Atlantic University
- Type: Private university
- Established: 1930; 96 years ago
- Accreditation: DEAC
- President: Kevin J. Todeschi (CEO)
- Faculty: 25
- Administrative staff: 5
- Postgraduates: 116
- Location: Virginia Beach, Virginia, United States
- Campus: Urban;
- Website: atlanticuniv.edu

= Atlantic University =

University in Virginia, United States

Atlantic University is a private university in Virginia Beach, Virginia. The university is associated with Edgar Cayce's Association for Research and Enlightenment (A.R.E.), and its administrative offices are in the Don and Nancy de Laski Education Center on the main A.R.E. campus. The university is accredited by the Distance Education Accrediting Commission (DEAC) and licensed by the State Council of Higher Education for Virginia (SCHEV).

==History==
Atlantic University received its charter on April 29, 1930, with a goal of offering a liberal arts education through a holistic perspective. The university closed in 1931, but the charter was kept active. In the fall semester of 1985, Atlantic University reopened as a graduate school with a curriculum that focused on Transpersonal Studies. The first class graduated in 1989.

Initially the Master of Arts in Transpersonal Studies was offered as a residential program with a few independent study distance education options via a correspondence course model. Over the years, the ratio of distance to residential courses changed until the majority of courses were taught as distance education.
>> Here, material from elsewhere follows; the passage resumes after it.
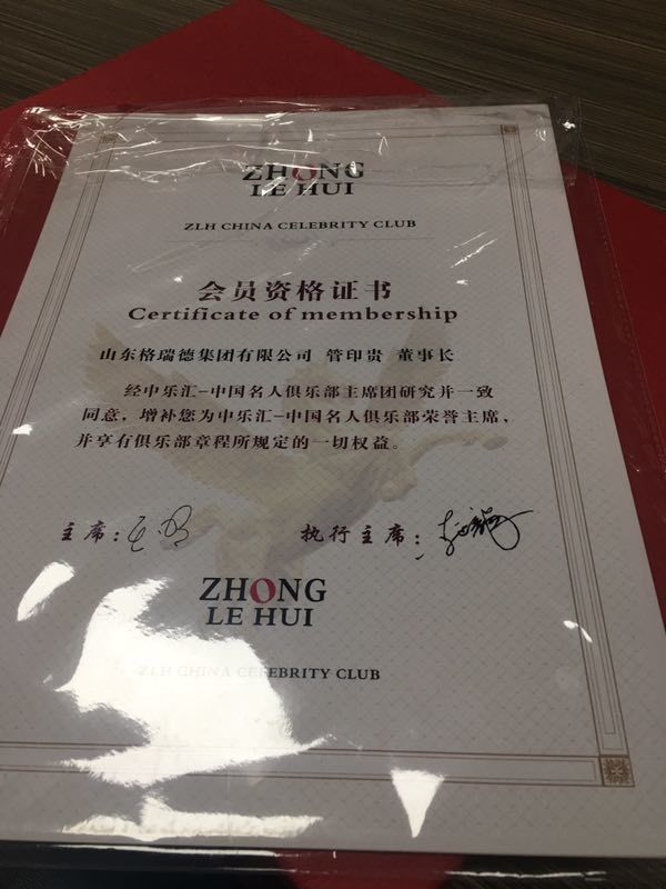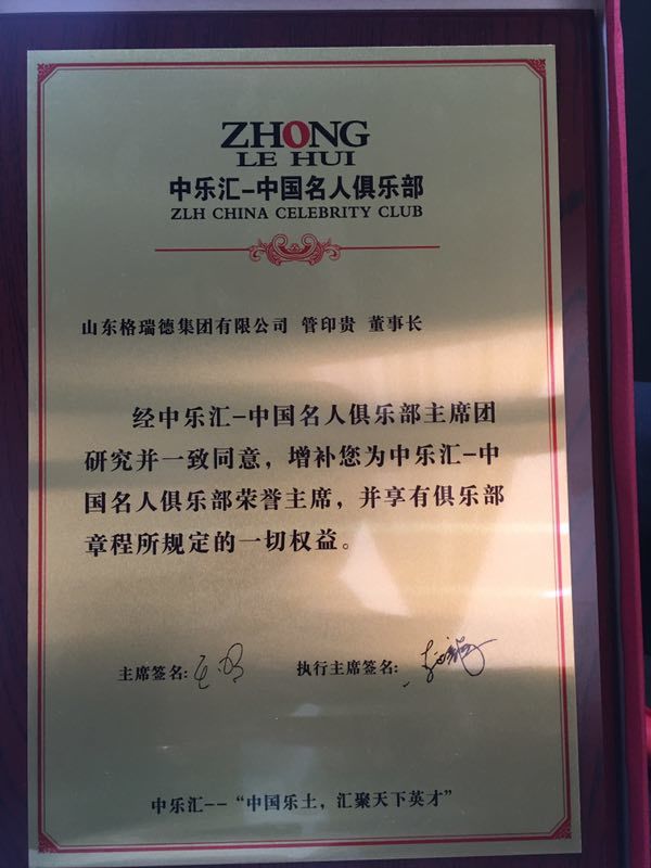 管印贵董事长被中乐汇·中国名人俱乐部授予“荣誉主席”的职位。

The method of instruction of distance courses also changed from a correspondence course model to web-based courses to courses on CD. In 2010, the conversion to a truly online school with three semesters began. As the university changed, continuing education and personal enrichment courses were added. In 2017, the university changed from three 14-week semesters to four 12-week semesters allowing for students to complete their program more efficiently. In recent years, the Master of Arts in Transpersonal Studies was changed to Master of Arts in Transpersonal Psychology, thus making the program more accessible and understandable to the outside public. In addition to the Transpersonal psychology degree, Atlantic University offers a Master of Arts in Mindful Leadership, a Graduate Certificate in Regression Hypnosis, a Graduate Certificate in Mindful Leadership, a non-credit certificate in Spiritual Guidance Mentor Training, and Lifelong Learning certificates to adult learners.